We got together on the occasion of the release of a new book that he collaborated on with Kimberly Johnson, called Reckoning. We touch on what brought about that work, but the bulk of our conversation centers around Stephen’s journey to obtaining a Master’s in Theology from Harvard Divinity School and how that lead him to start working as a Social Worker and eventually to the work he’s best known for as a Palliative Care counsellor.
Along the way we hear about his mysterious encounter with an angel at the Notre Dame Cathedral following a near death experience at sea, and wonder together about what it means to belong to a place, particularly for those of us who are relative newcomers to this land called Turtle Island.
As it often happens after speaking with Stephen, I’m left with some questions that continue to haunt me. In particular, what it means to belong, and the question that we end with, does Christianity belong in North America?

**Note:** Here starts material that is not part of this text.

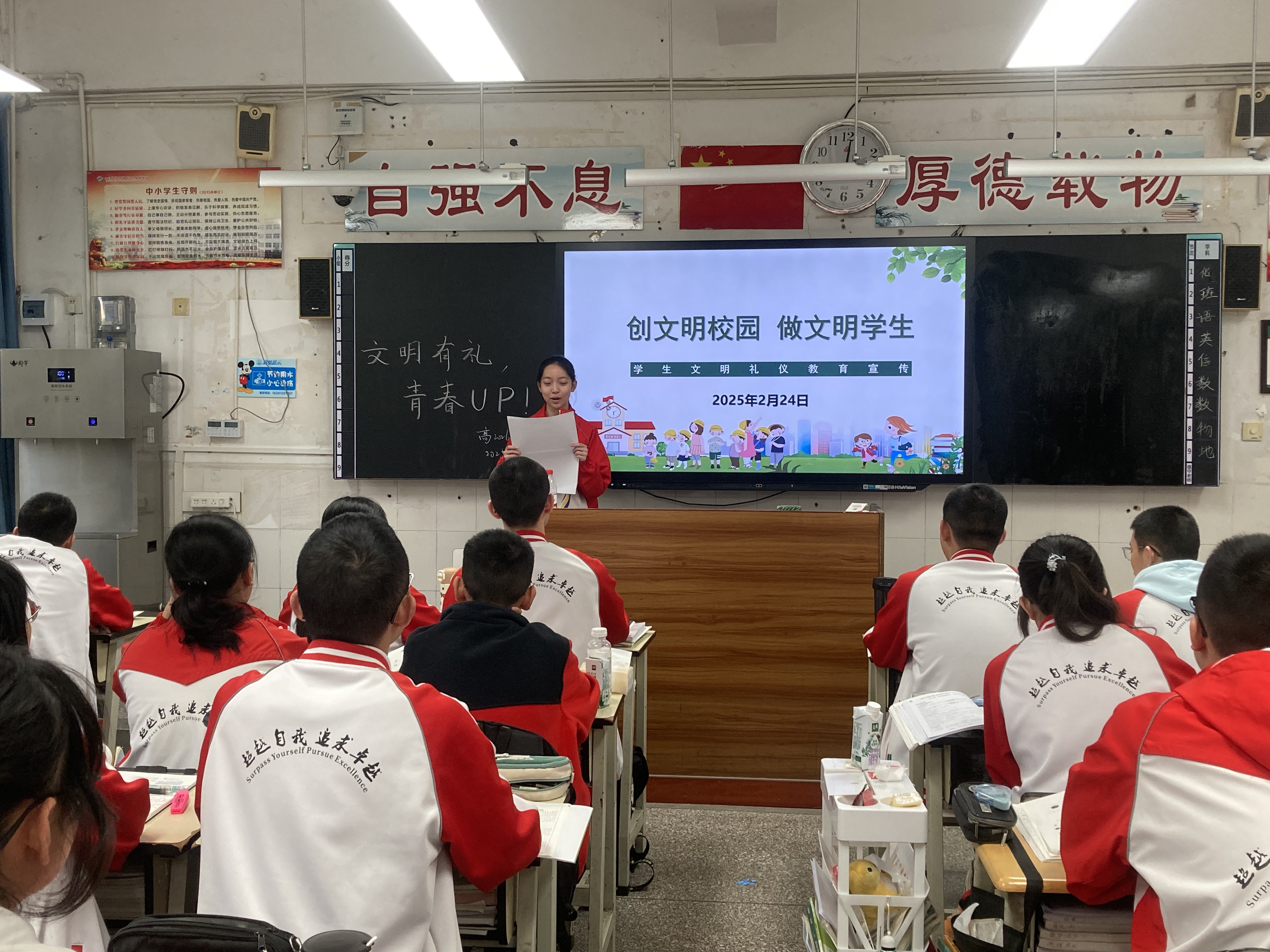 升旗仪式结束后,各班立即开展了以“文明有礼,青春UP!”为主题的班会活动。在班主任的组织下,同学们认真学习讨论了文明礼仪相关案例,积极参与文明行为知识竞答,并共同签署了“文明伴礼仪我行,青春风采我展现”倡议书,郑重承诺将文明礼仪融入日常学习与生活。

As usual, it’s better not to expect any clear cut answers from Stephen but be open to having some new questions to consider. Personally, I take the advice of the poet Rainer Maria Rilke, who suggested the following in his letters to the young poet Franz Kappus back in 1903:
Be patient toward all that is unsolved in your heart and to try to love the questions themselves like locked rooms and like books that are written in a very foreign tongue. Do not now seek the answers, which cannot be given you because you would not be able to live them. And the point is, to live everything. Live the questions now. Perhaps you will then gradually, without noticing it, live along some distant day into the answer.